По словам Манефона (fr. 43, 48–50), из восточных стран неожиданно появились какие-то люди бесславного происхождения, но полные отваги, которые сжигали египетские города, разрушали храмы, жестоко угнетали население, обращали многих в рабство и, наконец, избрали царя, который стал владычествовать в Египте. Это были гик-сосы, т. е. цари-пастухи, резиденцией которых стал сначала Мемфис, а затем Аварис в северо-восточной части Дельты (Redford, 1997, 19). Египет оказался под властью гиксосов. Подавляющее большинство дошедших до нас гиксосских имен имеют ярко выраженный западносемитский характер (Redford, 1997, 21), и уже на одном этом основании гиксосов нельзя считать хурритами, как это иногда предполагалось ранее (Helck, 1962, 102). Много позже, уже после изгнания гиксосов из Египта фараон Яхмос же обрушился на палестинский Шарухен, явно видя в его захвате продолжение или, скорее, завершение своей антигиксосской кампании (ANET, р. 233). Сейчас можно считать доказанным, что гиксосы происходили из Палестины. Шарухен и Аварис были, по словам одного ученого, двумя столпами гиксосской державы (Bietak, 1997, 113). А поскольку Шарухен был, скорее, ханаанским городом, чем аморейским, то и гиксосы были, более вероятно, именно ханаанеями.

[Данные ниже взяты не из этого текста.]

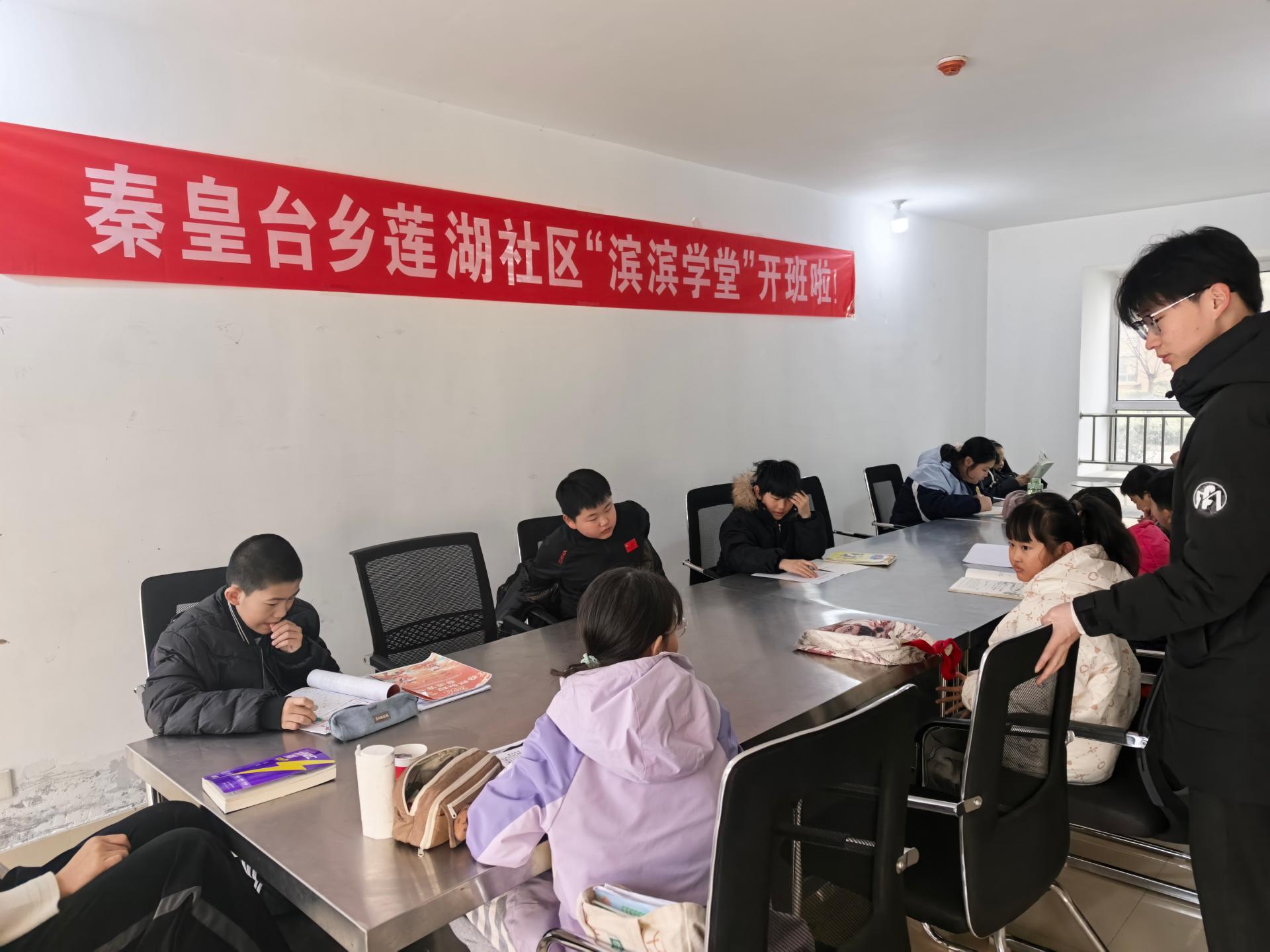莲湖社区"滨滨学堂"大学生志愿者,免费为辖区学生提供寒假公益托管服务,助力学生攻克假期作业难题,提升学习效率。

Многие современные исследователи отрицают вероятность неожиданного и мощного вторжения и полагают, что в действительности это было постепенное проникновение различных азиатских групп, особенно семитских, которые потихоньку обосновывались в Дельте и, наконец, собравшись в значительном количестве, захватили там власть, а сообщение Манефона является не чем иным, как плодом более поздней пропаганды (Hayes, 1973, 54; Bietak, 1997, 111). Однако разрушения в Египте действительно имели место. Восстановлением разрушенных азиатами храмов гордилась египетская царица Хатшепсут (ANET, р. 331; Redford, 16–17). А поскольку Шарухена был, как говорилось выше, уже довольно развитым царством, то более приемлемым кажется мнение, что гиксосское вторжение было достаточно организованным, что гиксосы воспользовались упадком Египта, когда в конце Среднего царства страна практически распадалась на отдельные владения, и, прорвавшись через границы, захватили в ней власть, заставив местных правителей признать их царями Верхнего и Нижнего Египта. Резиденцией гиксосского царя стал Аварис, но Шарухен, по-видимому, продолжал играть определенную политическую роль. Недаром именно там было найдено подавляющее большинство скарабеев с именами гиксосских фараонов.
Распространение этих скарабеев может указать на пределы сферы гиксосского господства в Палестине. Почти все они найдены в южной и центральной частях страны, особенно много на побережье, зато почти полностью отсутствуют в Галилее, на севере Палестины, и тем более — в Сирии и на финикийском побережье (Weinstein, 1981, 8— 10; Weippcrt, 1988, 211–212). Это ясно показывает, что Северная Палестина, Сирия и побережье к северу от Кармела не находились под властью гиксосов, хотя не исключено, что и здесь им принадлежали какие-то анклавы (Kempinski, 1997, 328). Не было связано с ними и Заиорданье (Magness-Gardiner, 1997, 321). Это, кончено, не означает, что гиксосы не имели никаких контактов со всеми этими территориями. Раскопки в Египте показывают, что туда приходили некоторые товары из Библа и Угарита и даже из далекой Эблы. Но все же основная масса импорта происходила из Юго-Западной Палестины, т. е. "родины" гиксосов, откуда те привозили вино, а также масло, мед благовония, смолу (McGovern and Harbottle, 1997, 151–152).
Гиксосские фараоны стремились представить себя подлинными наследниками прежних владык и носили те же самые титулы, что и цари Верхнего и Нижнего Египта. Но египтяне ненавидели пришельцев и в конечном счете изгнали их из Египта. Около 1580 г. до н. э. (или по другой хронологии, 1540 г.) фараон Яхмос, основатель Нового царства и его XVIII династии, захватил Аварис, но этим не ограничился. По пятам врагов он двинулся в Южную Палестину и осадил Шарухен. Осада продолжалась три года (ANET, р. 233). Египетский военачальник, рассказывавший об этом походе, умалчивает, был ли город взят египтянами или нет, сообщая лишь о захваченной им здесь добыче. Возможно, что Шарухен устоял. Изгнание из Египта привело к крушению гиксосского господства и в Палестине.
Поход Яхмоса в Палестину был лишь продолжением и завершением его кампании против гиксосов. Поэтому египтяне не остались здесь, а вернулись, чтобы вести войну уже с эфиопами, угрожавшими стране с юга. Но преемники Яхмоса вскоре приступили к завоеваниям, создавая мировую египетскую державу. Несколько раньше такую попытку предприняли хетты, а вслед за ними хурриты из Митанни. Палестина и Сирия оказались между всеми этими соперничающими мощными государствами и стали ареной их борьбы.